Use Local Models via API
How developers should connect to BullSequana AI models from local tools and applications
When developing against BullSequana AI, the preferred integration point is the CoreAI API.
Do not integrate directly with LiteLLM for application development. LiteLLM is an internal platform component and may change over time. The CoreAI API is the stable interface that BullSequana AI exposes to developers.
Recommended Background
This page is primarily for application developers and AI engineers integrating external tools or custom applications with the platform.
Helpful experience includes:
- API-based application development
- bearer-token or API-key authentication
- local development with Docker when reproducing platform-adjacent flows
- basic understanding of OpenAI-compatible clients and SDKs
What To Use
Use the API endpoint exposed by your BullSequana AI deployment:
export BSQAI_BASE_URL="https://llm-backend.<platform-domain>/v1"The llm-backend subdomain stays the same across environments. Only the platform domain changes from one cluster to another.
This API already handles the platform integration behind the scenes:
- model routing
- authentication
- platform policy enforcement
- future component evolution behind the API boundary
Authentication Options
The backend supports both of these:
JWT bearer tokensBullSequana API keysin thesk-bsq-...format
For interactive user access, JWT is a good fit.
For local developer tools, scripts, IDE plugins, and long-lived integrations, API keys are usually the cleaner option when your deployment exposes API key management.
Option 1: Authenticate with JWT
If your platform uses Keycloak-backed interactive access, obtain a JWT and pass it as the bearer token.
Example:
export BSQAI_TOKEN="<jwt-token>"
curl "$BSQAI_BASE_URL/models" \
-H "Authorization: Bearer $BSQAI_TOKEN"In local backend development, the sibling coreai-llm-backend repo already includes a helper script:
./scripts/get_jwt_token.sh --print-tokenOption 2: Create and use an API key
API keys are created through the CoreAI API itself and are returned only once when created.
First call the API with a valid JWT:
curl -X POST "https://llm-backend.<platform-domain>/v1/api-keys" \
-H "Authorization: Bearer <jwt-token>" \
-H "Content-Type: application/json" \
-d '{
"name": "Local Development"
}'Typical response shape:
{
"id": "a37e6b2e-728e-4ffc-aea4-e5415616a96a",
"name": "Local Development",
"key": "sk-bsq-v1-...",
"masked": "sk-bsq-v1-********-e5b4a3",
"created_at": "2024-01-15T10:30:00Z"
}Then use that key as the bearer token:
export BSQAI_API_KEY="sk-bsq-v1-..."
curl "$BSQAI_BASE_URL/models" \
-H "Authorization: Bearer $BSQAI_API_KEY"Discover Available Models
Before wiring an application, check which models your deployment exposes:
Available models are also visible in the CoreAI Portal.
If you want the API-level source of truth for the current environment, use:
curl "$BSQAI_BASE_URL/models" \
-H "Authorization: Bearer $BSQAI_API_KEY"This is the correct source of truth for model names in your environment.

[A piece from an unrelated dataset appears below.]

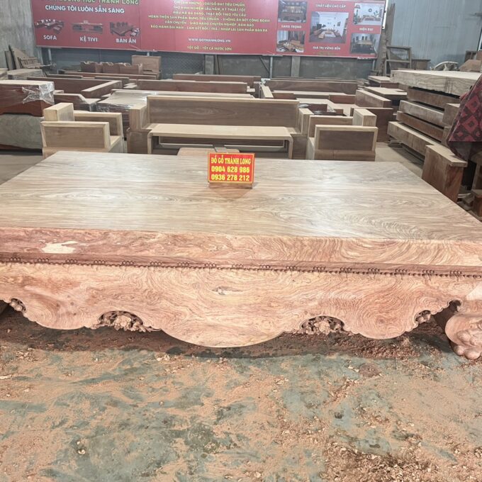 Bộ sập chân quỳ gỗ hương đá nguyên khối dưới đây được làm 100% từ gỗ hương đá Nam Phi đã được Xưởng Gỗ Thành Long chọn lựa gỗ rất kỹ để ra được bộ sản phẩm có những thước vân gỗ hoàn mỹ đến như vậy. Bộ sản phẩm đã được Vị khách hàng tại Hà Nội về nghiệm thu phần thô và đã rất ưng ý hài lòng về sản phẩm Sập chân quỳ gỗ hương đá nguyên khối này của đơn vị Xưởng Đồ Gỗ Thành Long

Use the OpenAI-Compatible API
The CoreAI API exposes OpenAI-compatible endpoints, including:
/v1/models/v1/chat/completions/v1/responses
That means many SDKs and tools can be pointed to BullSequana AI with only a base URL and token change.
Chat Completions example
curl -X POST "$BSQAI_BASE_URL/chat/completions" \
-H "Authorization: Bearer $BSQAI_API_KEY" \
-H "Content-Type: application/json" \
-d '{
"model": "<model-name-from-/v1/models>",
"messages": [
{ "role": "user", "content": "Hello from BullSequana AI" }
]
}'Responses API example
from openai import OpenAI
client = OpenAI(
api_key="sk-bsq-v1-...",
base_url="https://llm-backend.<platform-domain>/v1",
)
response = client.responses.create(
model="<model-name-from-/v1/models>",
input="Explain the deployment model of BullSequana AI."
)
print(response)IDE And Tooling Integrations
For tools such as Continue, OpenCode, or custom internal applications, point the tool to the CoreAI API, not to LiteLLM directly.
The correct pattern is:
- provider type: OpenAI-compatible
- base URL: your BullSequana AI CoreAI API
- bearer token: JWT or
sk-bsq-...API key
Recommended Integration Rule
Use this rule for all developer-facing integrations:
Application or tool -> CoreAI API -> platform components
Not:
Application or tool -> LiteLLM
That keeps the developer contract stable even if the platform team changes the internal inference or proxy layer later.